Note that there may be characters in CHAR-SET:LETTER that are neither upper or
lower case---this might occur in implementations that use a character type
richer than ASCII, such as Unicode. A "graphic character" is one that would
put ink on your page. While the exact composition of these sets may vary
depending upon the character type provided by the underlying Scheme system,
here are the definitions for some of the sets in an ASCII implementation:

    char-set:lower-case		a-z 
    char-set:upper-case		A-Z 
    char-set:letter		A-Z and a-z 
    char-set:digit		0123456789
    char-set:punctuation	!"#%&'()*,-./:;?@[\]_{}
    char-set:symbol		$+<=>^`|~
    char-set:whitespace		Space, newline, tab, form feed, 
				vertical tab, carriage return 
    char-set:blank		Space and tab 
    char-set:graphic		letter + digit + punctuation + symbol
    char-set:printing		graphic + whitespace
    char-set:iso-control	ASCII 0-31 and 127 

Note that the existence of the CHAR-SET:ASCII set implies that the underlying
character set is required to be at least as rich as ASCII (including
ASCII's control characters).

Rationale: The name choices reflect a shift from the older
"alphabetic/numeric" terms found in R5RS and Posix to newer,
Unicode-influenced "letter/digit" lexemes.

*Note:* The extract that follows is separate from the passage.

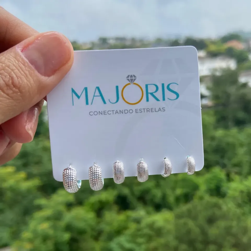 BRINCO PRATA MEIA ARGOLA QUADRADA TEXTURIZ...
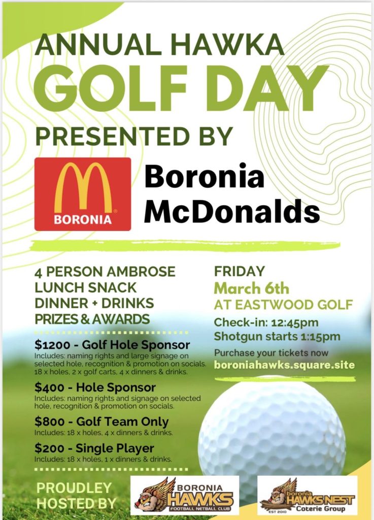The Annual Hawka Golf Day is on again! It’s a fabulous event and we encourage you all to get a team together or join in a team that we can assist with. Many thanks to Boronia McDonalds and Hawks Nest Coterie Group for putting on this fabulous event.

-------------------------------------------------------------------------------
* Unicode, Latin-1 and ASCII definitions of the standard character sets
-----------------------------------------------------------------------

In Unicode Scheme implementations, the base character sets are compatible with
Java's Unicode specifications. For ASCII or Latin-1, we simply restrict the
Unicode set specifications to their first 128 or 256 codes, respectively.
Scheme implementations that are not based on ASCII, Latin-1 or Unicode should
attempt to preserve the sense or spirit of these definitions.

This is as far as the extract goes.